ARTICLE 17 FORCE MAJEURE
Calypte and DISTRIBUTOR will be excused from failure to perform under this Agreement and will not be liable in any way for any loss if such failure is due to causes beyond the reasonable control of either party, including but not
limited to, natural disasters such as earthquakes or floods, fires, riots, strikes and other labor disputes, war conditions, shortage of raw materials or government action for the period any such conditions exist.

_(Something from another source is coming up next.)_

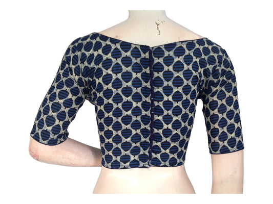 Jute Cotton Hand Blocked Indian Readymade Designer Blouse

[*] Certain information in this exhibit has been omitted and filed separately with the Commission. Confidential treatment has been requested with
respect to the omitted portions.
15
ARTICLE 18 HEADINGS
The headings used herein are for convenience only and in no way affect the liabilities, obligations, or
responsibilities of the parties hereto.
IN WITNESS WHEREOF, the parties hereto have executed
this Agreement.
CALYPTE BIOMEDICAL CORPORATION
By: /s/ Xxxxx X. Xxxx
Title: President and CEO
Date: September 12, 2002
Xxxxx Xxxx Pute Biomedical Co.
By: /s/ Xx Xxxx
Title: President
Date: September 19, 2002
[*] Certain information in this exhibit has
been omitted and filed separately with the Commission. Confidential treatment has been requested with respect to the omitted portions.
16
SCHEDULE 1 – PRODUCTS
Calypte HIV-1 Urine EIA Test Kit An enzyme immunoassay in microwell format for the detection of antibodies to HIV-1 in urine.
Cat. No. 700010 |
480 tests | |
Cat. No. 700011 |
192 tests |
Cambridge Biotech HIV-1 Serum Western Blot Test Kit. A Western Blot supplemental
immunoassay for the analysis of serum or plasma samples that are repeatedly reactive on a serum or plasma HIV-1 EIA. Cat. No. 98002 27 tests
Cambridge Biotech HIV-1 Urine Western Blot Test Kit. A Western Blot supplemental immunoassay for the analysis of urine samples that are repeatedly reactive on the Calypte HIV-1 Urine EIA. Cat. No.
98076 27 tests
SCHEDULE 2 – PRICE
[*]
SCHEDULE 3 – MINIMA
[*]
[*]
Certain information in this exhibit has been omitted and filed separately with the Commission. Confidential treatment has been requested with respect to the omitted portions.
17
SCHEDULE 4 – TRADEMARKS
Calypte name and corporate logo
Calypte
hummingbird logo
Sentinel tradename
Cambridge Biotech name and corporate logo
SCHEDULE 5 – TERRITORY
Any Field of Use operated by the military forces of People’s Republic of China, plus any Field of Use in the following provinces: Beijing, Shanghai,
Jiangsu, Zhejiang, Hubei, Hebei, Henan, Shanxi, Shaanxi, Nei Mongol, Liaoning, Sichuan, Shandong, Guangdong, Helongjiang, Anhui, Guanggong, Fujian, and Tianjinwith the exception of the Drug Rehabilitation / Criminal Justice Field of Use.
SCHEDULE 6 – SALES TARGETS WITHIN THE TERRITORY
[*]
[*] Certain information in this exhibit has been
omitted and filed separately with the Commission. Confidential treatment has been requested with respect to the omitted portions.